RE-STRUCTURES / LANSKY: Out of the Blue. RUDERS: Cembalo d’Amore (Second Book).1 MACHOVER: Re-Structures. KURTÁG: Életút Lebenslaud, Op. 32.2 BEN-AMOTS: Tango for the Road / Quattro Mani: Steven Beck, pn/1hpd/2quarter-tone pn; Susan Grace, pn/2quarter-tone pn; 2Andy Stevens, Sergei Vassiliev, basset hn / Bridge 9496

I think that, by now, my regular readers know that I’m generally allergic to duo-piano recordings as a rule. Too often I find them uninteresting, particularly when they play Romantic repertoire. Just about the only regular working duo that I really enjoyed over the years was that of Anthony Goldstone and Caroline Clemmow, which sadly came to an end this January when Goldstone died. But Quattro Mani has slowly worked their way into my favor, not just because they’re such good musicians but also because they play an adventurous repertoire.

This CD is no exception. The only two composers whose names I recognized on the CD inlay were that of György Kurtág and Ofer Ben-Amots, both of whose music I’ve generally liked, but I’m always open to musical adventures and I generally trust Quattro Mani’s taste.

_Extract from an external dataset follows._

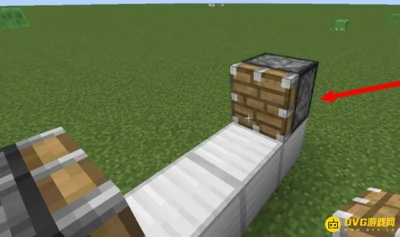 3.在方块的另一头放上一个活塞,普通的活塞,方向要正对着粘性活塞。

We start this latest adventure with Paul Lansky’s Out of the Blue for two pianos, described by the composer as “part of a kind of musical chain letter. It’s based on the fourth movement of his horn trio, Etudes and Parodies, which was in turn inspired by Kopprasch’s exercises for horn and Ligeti’s piano prelude Fanfares. I found the music a bit in the minimalist vein, at least in terms of the continual, unvarying rhythm, but Lansky keeps the melodic line moving and introduces odd “close chords” within the piece to keep up interest.

But if you think Out of the Blue is strange, wait ‘til you hear Paul Ruders’ Cembalo d’Amore for harpsichord and piano! This is not one of the selections on which Susan Grace plays a quarter-tone piano, but you’d almost swear it was using quarter tones. The music never really settles into any firm tonality in any of its eight movements. I found the music endlessly fascinating, a sort of perpetuum mobile in which the deconstruction of the harmony actually “leads” the music melodically. The slow movement is one of the most interesting since it shows how Ruders put this music together, almost in slow motion. Ruders has created brief scalar movements that almost move like clockwork.

Unfortunately, I couldn’t make heads or tails out of Tod Machover’s Re-Structures for two pianos and live electronics. The music alternates between crushed chords and splatterings of notes that didn’t strike me as very coherent, so I will pass on to the next work.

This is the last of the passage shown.